HOW TO COMPLETE THIS TASK:
Please output the listing below character for character and omit the images.

RAW DATA:
■ ■ ■

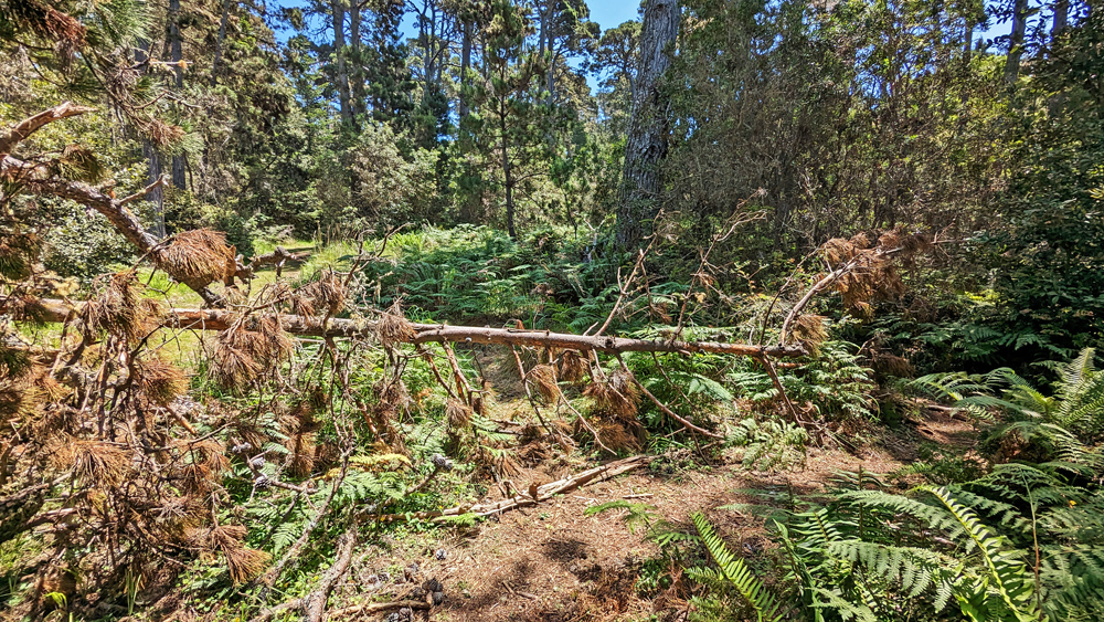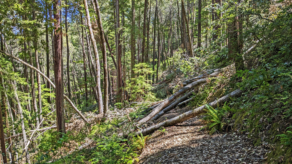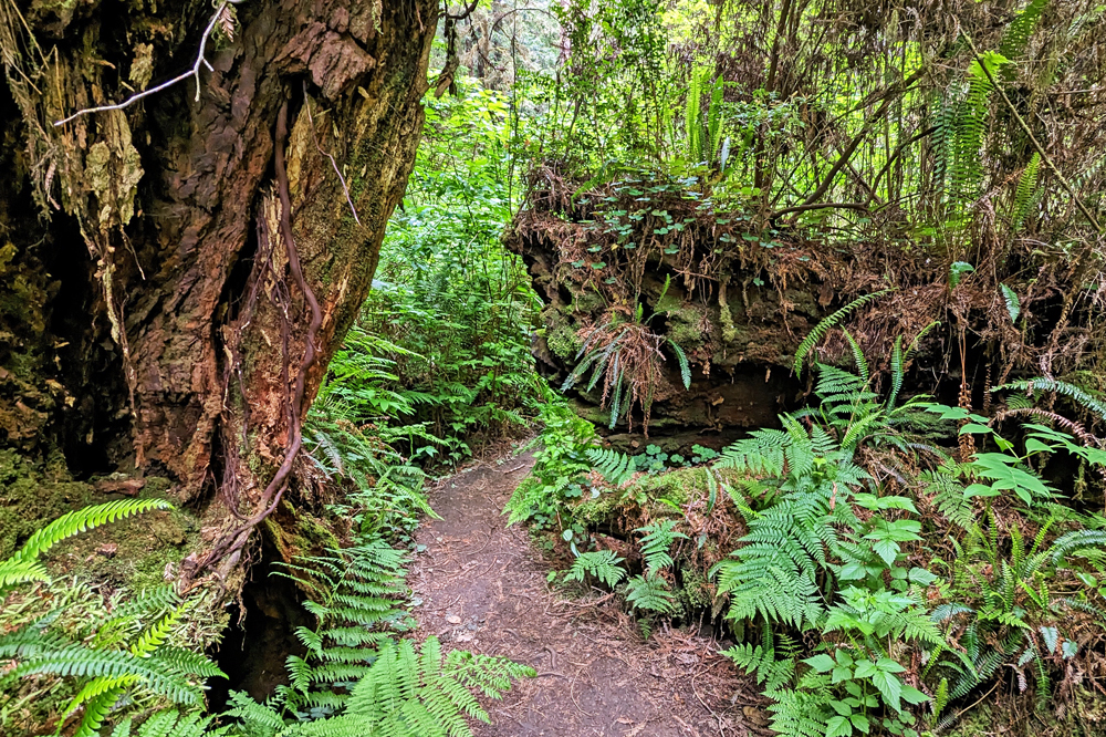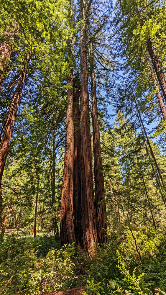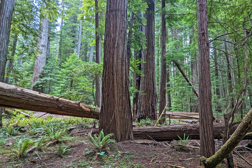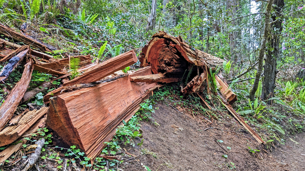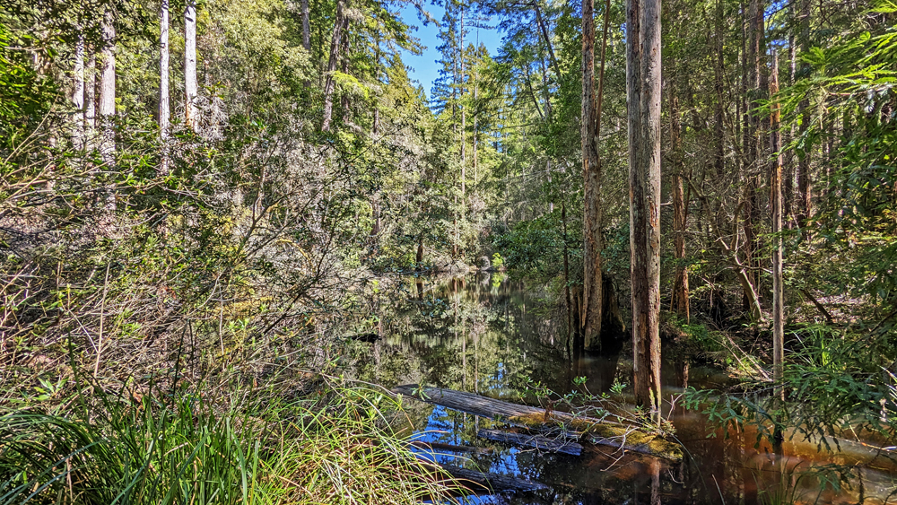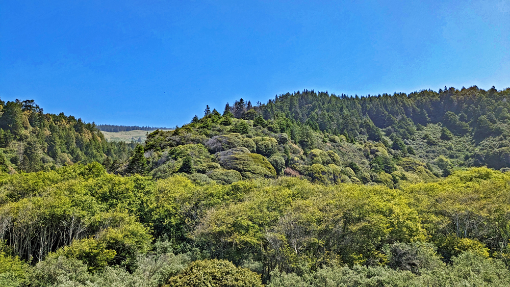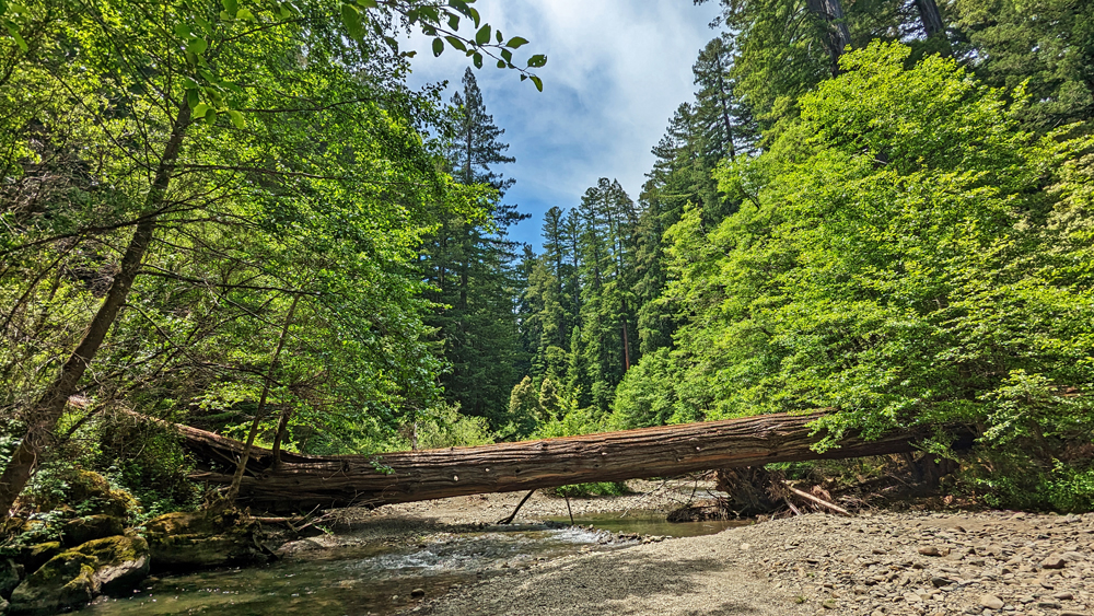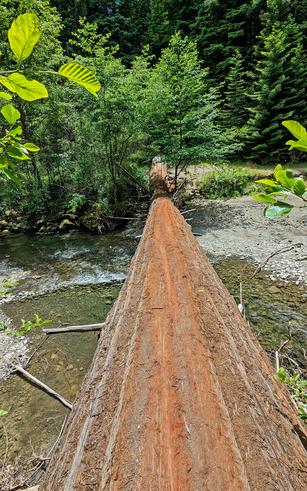 Von der Küste führen ehemaligen Holzfällerstrassen ins steil ansteigende, waldbestandene Hinterland. Auch diese Vegetation ist wunderschön, mit hoch aufragenden Coastal Redwoods und Kiefern, grazilen Madronebäumen (Arbutus menziesii) mit tiefrot leuchtender, seidenglatter Rinde und hellrosa bis pinke Farbtupfer setzenden Rhododendren. Die benachbarte Kruse Rhododendron State Natural Reserve war wegen Sturmschäden geschlossen gewesen und auch hier wären einige Trails aus dem gleichen Grund – und genauso halbherzig – «gesperrt». Aber ausser dem einen oder anderen Stamm, der anhand der bereits darum herumführenden Wege schon länger zu liegen scheint, gibt es keine speziellen Hindernisse. Ich hatte auf der Karte gesehen, dass der nördliche Abschnitt der San Andreas-Verwerfung in der Nähe vorbeiführt und statte auch dieser noch einen Besuch ab. Sie präsentiert sich – entgegen meinen Erwartungen – hier als recht kleines, tiefes Tal mit einem verwunschenen Teich auf dem Grund.
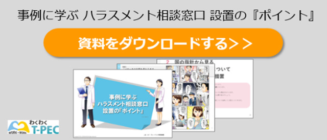 従業員のハラスメント対策にお役立て頂ける資料『事例に学ぶ ハラスメント相談窓口 設置のポイント』をダウンロードする>>
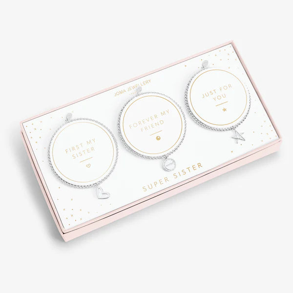 Joma Jewellery Celebration Set Super Sister Silver Set Of 3 Bracelets
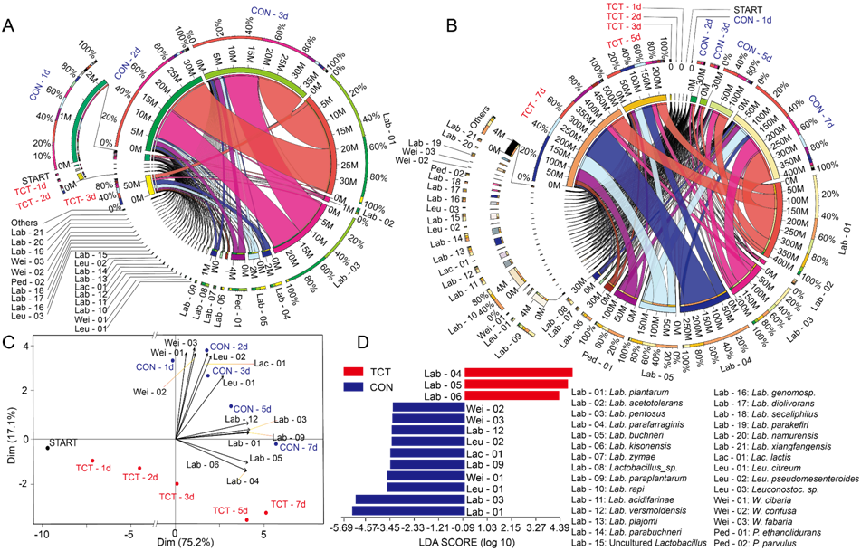 Fig.4.The distribution and succession of LABs in TCT and CON during the fermentation.

■ ■ ■

RESULT OF THIS EXERCISE:
 Von der Küste führen ehemaligen Holzfällerstrassen ins steil ansteigende, waldbestandene Hinterland. Auch diese Vegetation ist wunderschön, mit hoch aufragenden Coastal Redwoods und Kiefern, grazilen Madronebäumen (Arbutus menziesii) mit tiefrot leuchtender, seidenglatter Rinde und hellrosa bis pinke Farbtupfer setzenden Rhododendren. Die benachbarte Kruse Rhododendron State Natural Reserve war wegen Sturmschäden geschlossen gewesen und auch hier wären einige Trails aus dem gleichen Grund – und genauso halbherzig – «gesperrt». Aber ausser dem einen oder anderen Stamm, der anhand der bereits darum herumführenden Wege schon länger zu liegen scheint, gibt es keine speziellen Hindernisse. Ich hatte auf der Karte gesehen, dass der nördliche Abschnitt der San Andreas-Verwerfung in der Nähe vorbeiführt und statte auch dieser noch einen Besuch ab. Sie präsentiert sich – entgegen meinen Erwartungen – hier als recht kleines, tiefes Tal mit einem verwunschenen Teich auf dem Grund.
 従業員のハラスメント対策にお役立て頂ける資料『事例に学ぶ ハラスメント相談窓口 設置のポイント』をダウンロードする>>
 Joma Jewellery Celebration Set Super Sister Silver Set Of 3 Bracelets
 Fig.4.The distribution and succession of LABs in TCT and CON during the fermentation.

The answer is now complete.